Alfonse Bowman, a 20-year-old student at Morehouse College, filed a lawsuit on May 25 against the City of Philadelphia and two police officers, alleging that an officer hit him with a baton during a protest in October 2020.

Bowman wanted to witness the protest that followed the police shooting of Walter Wallace Jr. According to Bowman, he and two of his friends sat in an automobile in West Philadelphia when an officer stuck his baton through an open window of the car. The officer struck Bowman in the face, resulting in Bowman's multiple facial reconstructive surgeries. 

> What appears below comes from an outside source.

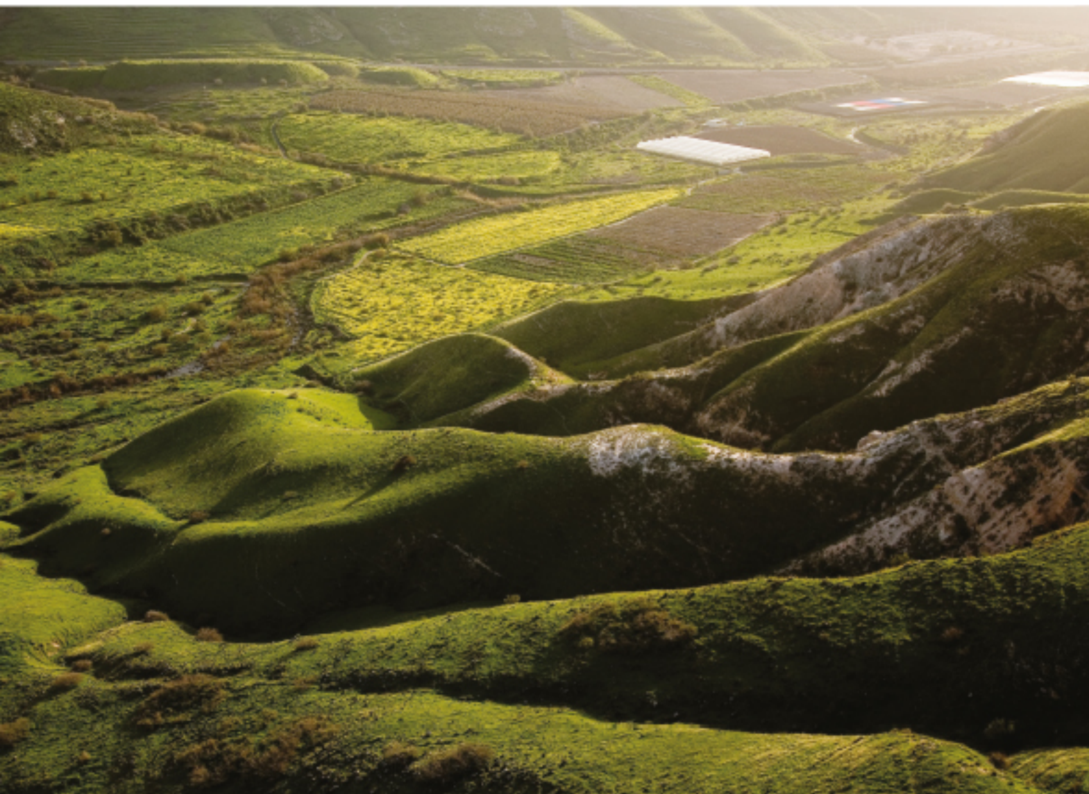
Südliche Golanhöhen Le sud du plateau du Golan

To reconstruct his face, a titanium plate was inserted to support Bowman's left eye. But even after three surgeries, he still feels pain. The significant physical damage was also accompanied by Bowman's now-heightened anxiety around the police.

“As a young Black man, I learned this at a young age. But it’s something different that comes with it when you been through it," Bowman told The Philadelphia Inquirer

After Bowman was injured, he immediately tried to report the situation to an officer nearby with the help of his friends. However, the lawsuit alleged that the officer refused to make the report and to call for medical assistance. Bowman told the Inquirer that he returned home that night, then went to Abington Hospital after concerns about facial trauma. At the hospital, doctors found that multiple bones were shattered along the left side of Bowman’s face, including those supporting his nose and eye socket. 

After 15 months of investigation, the Philadelphia Police Department’s Internal Affairs has yet to tell Bowman the identity of the officers involved, and the case is still ongoing.